Archive for February, 2009

Two steps forward, one step back

Once upon a time, there was RCS, and then CVS. They tracked normal edits to a set of text files reasonbly well, and coupled with telnet or ssh, even made it relatively straightforward for a trusted group of collaborators to share their changes with each other. Some people used other proprietary tools (Perforce, Visual Source Safe, etc.) but they tended to be either a) expensive b) really, really lousy or c) both. Among the open source crowd, at least, CVS dominated the version control space for many years.

Then came Subversion. It improved on many of the failings of CVS — notably, Windows support was dramatically better, repositories could be shared over HTTP, and many operations that just didn’t work in CVS (renames, binary diffs, etc.) performed reasonably well out of the box. To this day, Subversion is a reasonable choice for many projects, especially given the advanced level of support for it in IDEs, graphical repository browsers, and the like.

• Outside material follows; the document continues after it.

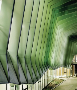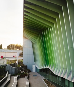 Upadljiva zelena fasada prenosi namenu zgrade bez preteranog isticanja natpisa na njoj. Bruno Mendes, vodeći projektant u birou Woods Bagot, kaže: „Direktori škola su želeli da zgrada privuče pažnju deci istog trenutka kada izađu iz autobusa.“ Skoro 40 metara dugačak sistem se sastoji od 36 talasastih vertikalnih otvora, ili lopatica, obojenih sa paletom zelenih nijansi koje su u suprotnosti sa kontekstom okolnih zgrada koje su od crvene cigle.

Much of the reason for that diversity of useful tooling built atop Subversion, of course, is that it was written in C, and built with an eye towards allowing high-level languages to use bindings into the same runtime libraries upon which the ’svn’ command itself relied. In fact, Python, Perl, Java, and Ruby are all supported by the core Subversion maintainers, and additional bindings using those same underlying libraries are available for a number of other languages.

Enter the distributed version control systems: Git, Mercurial, Bazaar, Darcs, and their ilk. The basic workflow they offer is in some ways more like RCS than it is Subversion: each developer works locally against their own copy of a repository, and they share their work via patch files and periodic synchronization. (This is of course a gross over-simplifaction, as all of them offer much more sophisicated change-tracking under the hood than RCS did, but the user-visible behavior is still reminiscent.) However, their ability to maintain change history across many developers and systems without forcing everyone to eventually squash their work down into a single source tree makes a number of new modes of project management possible, or at least much easier than before.

All of the above DVCS systems potentially offer a huge gain of productivity for many developers, since you can easily experiment with changes locally, selectively share only those modifications which you wish to, and continue working without being connected to the central repository. (This is especially significant for those whose employers maintain draconian firewall rules and disallow off-site access to their source control.)

Unfortunately, none of the popular DVCS systems have anything resembling the level of cross-language API support that Subversion does. Mercurial and Bazaar are both implemented in Python, making access from other Python code quite fast, and that from any other language painfully slow. Git is implemented in C, but without a supported and documented core library of functions designed to be used to facilitate access from other languages. Darcs is written in Haskell, which means only crazy mathematicians and CS majors have any ability or interest in using it. (I’m kidding here, but the point remains that Haskell isn’t exactly the most useful substrate for scripting language bindings.)

The fallout from all of this is that we’re left using wrapper libraries which fork out to the command-line tools for each DVCS. Such wrappers have a number of problems: the performance sucks, the internal APIs are usually only as robust as the set of regular expressions you write to parse the output of the commands, and almost no work is shared between the various wrapper implementations.

Don’t get me wrong: as a simple version control tool, I’ve found Git in particular (and distributed version control in general) to be a big step up from the old centralized-repository model. However, the very eighties-esque fork-and-regexp-scrape model for IPC — coupled with the lack of an obvious “best of breed” leader in the DVCS space — means that I (along with anyone else trying to support DVCS in a general-purpose way) end up doing a lot of low-level grunt work when we could be building real value for users.

Even something as simple as a standard dump format for a common subset of the information available from the popular DVCS types would be a start. I do know that, for the time being, I’m stuck supporting a bunch of very brittle code which relies on the various idiosyncratic console output formats of each version-control system.

Playing prognosticator, I would even go so far as to suggest that the first DVCS system to provide supported, documented interfaces in a number of popular programming languages could climb to the top of the dogpile that exists currently and emerge as a clear standard.